This track is for interview rounds where you are asked to code, not just explain concepts.
It complements the rest of the repo by focusing on:
- Python problem solving under time pressure
- SQL query writing for analytics and data workflows
- algorithm selection and complexity trade-offs
- practice topics that show up in ML engineer, data engineer, analytics engineer, and AI platform interviews
Prioritize these topics in order:
- Arrays, strings, hash maps, sets
- Sorting, heaps, binary search
- Stacks, queues, recursion
- Trees and graphs with BFS and DFS
- Sliding window, two pointers, prefix sums
- Dynamic programming basics
- Matrix and tabular manipulation patterns
- Practical data-processing utilities in Python
Prioritize these topics in order:
SELECT,WHERE,GROUP BY,HAVING- Joins and null handling
- Window functions
- CTEs and layered query design
- Deduplication and ranking
- Time-series aggregation and date bucketing
- Funnel, retention, and cohort patterns
- Performance reasoning and data-model awareness
Use this track with these concept-heavy guides:
- Statistics & Probability Guide
- Classical ML Overview
- Feature Engineering
- Time Series
- DuckDB Complete Guide
- dbt Interview Q&A
- Backend System Design Interview Guide
Why these matter:
- Python challenges often test the same thinking you need for feature engineering, preprocessing, metrics, and pipeline code.
- SQL challenges often mirror warehouse analytics, dbt modeling, experimentation analysis, and event data work.
- Backend interview loops regularly combine algorithmic reasoning with system trade-offs.
| Role | Likely coding focus | What to master |
|---|---|---|
| ML Engineer | Python, arrays, metrics, data transforms | hash maps, heaps, matrices, feature logic, complexity |
| AI / Applied AI Engineer | Python, APIs, parsing, async workflows | strings, recursion, queues, graph traversal, data shaping |
| Data Engineer | SQL and Python scripting | joins, windows, CTEs, dedup, batching, file transforms |
| Analytics Engineer | SQL-heavy | aggregations, windows, date logic, dbt-style layered queries |
| MLOps / Platform | Python and systems-flavored coding | queues, retries, parsing, state handling, complexity trade-offs |
- Solve one easy-to-medium array or string problem
- Solve one medium graph, heap, or interval problem
- Review complexity and edge cases out loud
- Write one aggregation query
- Write one window-function query
- Rewrite one query with a cleaner CTE structure
- revisit mistakes
- classify them as logic, syntax, edge case, or complexity mistakes
- write the shortest correct explanation you would give in an interview
You do not need the fanciest solution first.
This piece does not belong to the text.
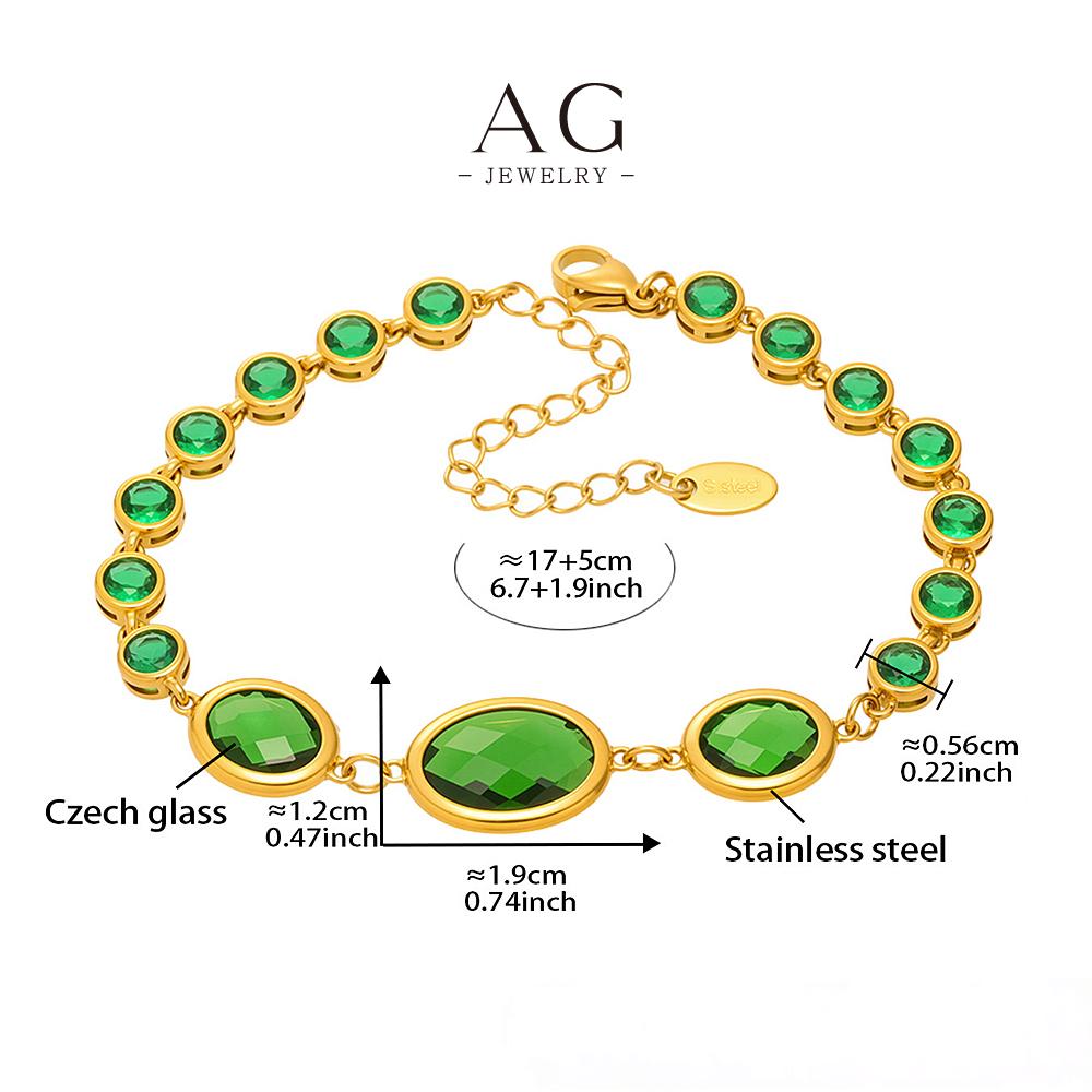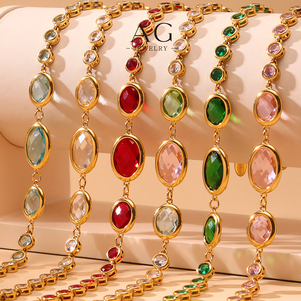 AG Stainless Steel Multi Color Oval Zirconia Bracelet Full Crystal Collection AGE655

You need to show:
- a correct baseline
- awareness of time and space complexity
- clarity on edge cases
- ability to improve the solution step by step
- readable Python or SQL under pressure
In practice:
- start with the brute-force version if needed
- state its complexity clearly
- then optimize
You are in good shape if you can do the following without much hesitation:
- use a dictionary or set immediately when lookup speed matters
- explain when to choose sorting versus a heap
- write BFS and DFS without searching for syntax
- use
row_number(),rank(),lag(), and running aggregates in SQL - deduplicate rows with a window function
- reason about time-bucketed analytics queries
If not, start with the two practice guides in this track and follow the linked concept guides.